As you know you can bid this per trip. Which you would invoice every 30 days. Looks like a nice job. What equipment do you plan on using? What about the liability's the company is going to request. I have heard of guys getting there full amount for season on a driveway not Commercial.

Good Luck


----------



## jhall22guitar (Dec 11, 2011)

What equipment do you have? How big is the lot (how many acres)? Does it need salt?

From the sounds of if you are no where close to ready to take on this job. People here won't just give you a bid, if you tell us what you think the price would be it gives people something to work with to try and help you.

But like I said, you're probably not ready.


----------



## LapeerLandscape (Dec 29, 2012)

Also we need to know where your located or how many snow events you get if your going with a seasonal price.


----------



## jhall22guitar (Dec 11, 2011)

I tried looking up the building but didnt get the right one, its a large company, so I'm betting trucks will be in and out of there alot too.


----------



## RLawnCare (Nov 12, 2015)

You are correct I am not ready for anything like this. I do have to start somewhere. 
I currently have a half ton truck. If I get this Id be looking for a 3/4. I dont own a plow. I have 12 snowblowers, 2 of them are 22hp 40 & 46 inches wide and hydro driven. Salting wont be an issue. I am insured but I would need to update my policy to contain plowing.
I know I have more research to do as far as price goes. I don't expect anyone to tell me its worth X but I am looking for an idea of where to start. Having no experience in this I cant say how long it would take me. If I say 5K a month am I out of line? sidewalks, salt, 1inch trigger.
Thank you,
RLC


----------



## RLawnCare (Nov 12, 2015)

jhall22guitar;2052869 said:



> I tried looking up the building but didnt get the right one, its a large company, so I'm betting trucks will be in and out of there alot too.


What little I know is the manager has no clue of what she is doing. They have 25 employees, a show floor, and lots of trucks.


----------



## RLawnCare (Nov 12, 2015)

LapeerLandscape;2052864 said:


> Also we need to know where your located or how many snow events you get if your going with a seasonal price.
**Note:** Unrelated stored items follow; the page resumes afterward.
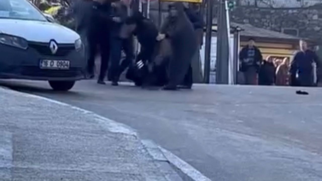 Cadde ortasında birbirine saldıran iki sürücüyü çevredeki vatandaşlar güçlükle ayırdı. Yaşanan arbede sırasında tarafların birbirine tekme ve yumruklarla saldırdığı anlar cep telefonu kamerasına yansıdı.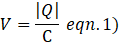 For a capacitor with net charge, Q and capacitance, C, the Potential difference deceloped in between the plates, V is,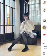 ・“デカ女”米倉みゆ、黒タイツOL姿で「仕事始め!?」筋トレとサウナで作り上げた美スタイル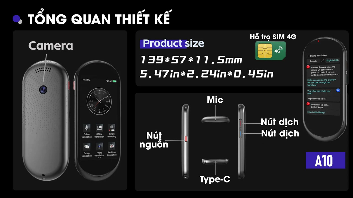 | Bộ sản phẩm | -Máy phiên dịch A10 x1 -Dây sạc x1 -Sách hướng dẫn x1 -Túi đựng x1 |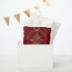 A design original de Destei de um floco de neve decorativo em textura falsa de folha de alumínio ouro amarela numa cor vermelha de fundo. Há também duas áreas de texto personalizáveis. AVISO: O design é uma imagem criada digitalmente que será impressa no produto.

Minneapolis, 70 inches average, 16 snowfalls of 1 inch or greater


----------



## LapeerLandscape (Dec 29, 2012)

RLawnCare;2052882 said:


> You are correct I am not ready for anything like this. I do have to start somewhere.
> I currently have a half ton truck. If I get this Id be looking for a 3/4. I dont own a plow. I have 12 snowblowers, 2 of them are 22hp 40 & 46 inches wide and hydro driven. Salting wont be an issue. I am insured but I would need to update my policy to contain plowing.
> I know I have more research to do as far as price goes. I don't expect anyone to tell me its worth X but I am looking for an idea of where to start. Having no experience in this I cant say how long it would take me. If I say 5K a month am I out of line? sidewalks, salt, 1inch trigger.
> Thank you,
> RLC


$5K a month all depends on how many snow events you get and how much total snow, some places with lake affect it snows almost everyday and so on.


----------



## jhall22guitar (Dec 11, 2011)

RLawnCare;2052882 said:


> You are correct I am not ready for anything like this. I do have to start somewhere.
> I currently have a half ton truck. If I get this Id be looking for a 3/4. I dont own a plow. I have 12 snowblowers, 2 of them are 22hp 40 & 46 inches wide and hydro driven. Salting wont be an issue. I am insured but I would need to update my policy to contain plowing.
> I know I have more research to do as far as price goes. I don't expect anyone to tell me its worth X but I am looking for an idea of where to start. Having no experience in this I cant say how long it would take me. If I say 5K a month am I out of line? sidewalks, salt, 1inch trigger.
> Thank you,
> RLC


Can you post an address so we can look it up? On an open lot a truck with 8ft plow should easily plow an acre and hour, or more.

The snowblowers won't mean anything here other than sidewalks. If I were you and I was looking at getting into plowing, I would start plowing residentials and small open commercial lots.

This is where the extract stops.